The case has highlighted the thorny legal ground the United States finds itself in as it tries to seize the assets of Russian oligarchs around the world. Those intentions are welcomed by many governments and citizens who oppose the war in Ukraine, but some actions raise questions about how far US jurisdiction extends.

The Fiji Court of Appeal on Friday dismissed an appeal by Feizal Haniff, who represents the company that legally owns the Amadea superyacht. Haniff had argued that the US had no jurisdiction under Fiji’s mutual assistance laws to seize the ship, at least until a court determined who actually owned the Amadea.

Haniff said he now plans to take the case to the Fiji Supreme Court and will seek an injunction to stop US agents from sailing the Amadea from Fiji before the appeal is heard.


WASHINGTON – The US general nominated to take over European Command told senators that Sweden and Finland’s push to join NATO will not require adding more US ground forces to either country. But Army General Christopher Cavoli said Thursday that military exercises and occasional US troop rotations will likely increase.

Cavoli, who currently serves as head of the US Army in Europe and Africa, said the greatest military focus will likely continue to be on Eastern Europe, where nations are most concerned about potential Russian aggression and any spillover effects of the war in Ukraine.

Cavoli told the Senate Armed Services Committee during his nomination hearing that “the center of gravity of NATO forces has shifted to the east.” He said that “depending on the outcome of the conflict, we may have to continue with that for some time.”

Cavoli was asked about the US troop presence in Europe, which has grown from fewer than 80,000 to around 102,000 since the buildup to the Russian invasion.
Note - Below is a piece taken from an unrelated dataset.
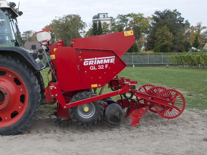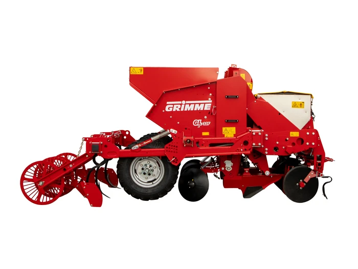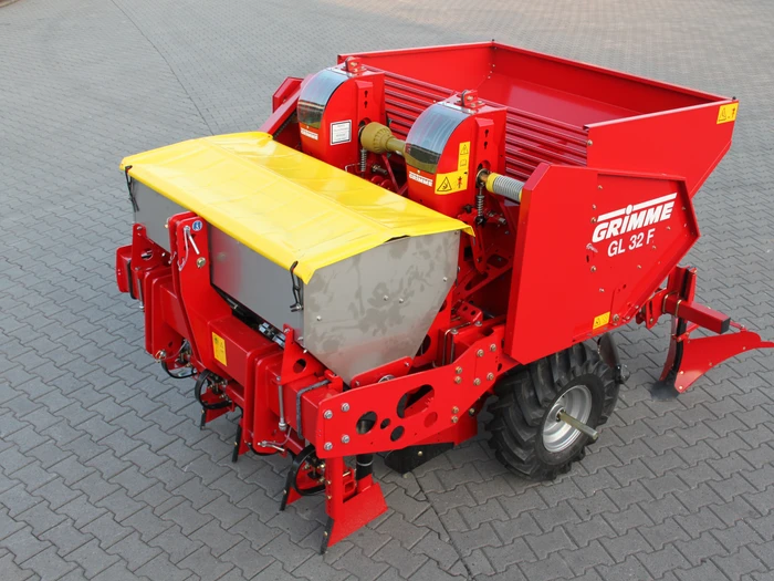 La GL 32 F séduit par ses multiples équipements comme la rehausse de trémie, le distributeur d’engrais, le dispositif de formation de buttes (diabolos formeurs ajourés ou cape formeuse) et une unité à fond mouvant. Elle convient idéalement pour la culture professionnelle des pommes de terre sur des petites surfaces. Pour obtenir une distance de plantation précise et régulière dans le champ, il convient de choisir l’élément planteur GRIMME. Les réglages multiples de la machine associés à un calibrage parfait des plants permettent une vitesse de plantation élevée. La GL 32 F est disponible de série avec un écartement à 75, 80, 85 ou 90 cm.

He said the increase had no links to the latest move by Finland and Sweden to seek NATO membership.


KYIV, Ukraine – The Ukrainian city of Sievierodonetsk is the center of fierce fighting in the east. Mayor Oleksandr Stryuk says he is holding out despite the fact that a Russian reconnaissance and sabotage group entered a city hotel.

Stryuk said at least 1,500 people have been killed in Sievierodonetsk and between 12,000 and 13,000 remain in the city, where he said 60% of residential buildings have been destroyed.

Sievierodonetsk is the only part of the Luhansk region of the Donbas under the control of the Ukrainian government, and Russian forces have been trying to isolate it from the rest of the Ukrainian-controlled territory.

Stryuk said the main highway between the neighboring city of Lysychansk and Bakhmut to the southwest remains open, but travel is dangerous. He said only 12 people were able to be evacuated on Thursday.


KYIV, Ukraine – Ukrainian President Volodymyr Zelenskyy on Thursday pleaded with the West to send multiple rocket launch systems to Ukraine as soon as possible to give it a chance against the Russian offensive in eastern Donbas.

“We are fighting for Ukraine to receive all the necessary weapons to change the nature of the struggle and start moving faster and more confidently towards the expulsion of the occupiers,” Zelenskyy said in his evening video address to the nation.

He said Russian forces are wiping some eastern towns off the face of the Earth and the region could end up “uninhabited.”

“They want to turn Popasna, Bakhmut, Lyman, Lysychansk and Sievierodonetsk to ashes like they did Volnovakha and Mariupol,” Zelenskyy said.

In Thursday’s shelling of Kharkiv, Ukraine’s second-largest city, Zelenskyy said at least nine people were killed and 19 wounded. Among the dead were a five-month-old baby and the baby’s father with the child’s mother seriously injured.

Zelenskyy also had harsh words for European Union members who resist imposing even tougher sanctions on Russia, including a ban on importing Russian oil and gas, Moscow’s main source of income.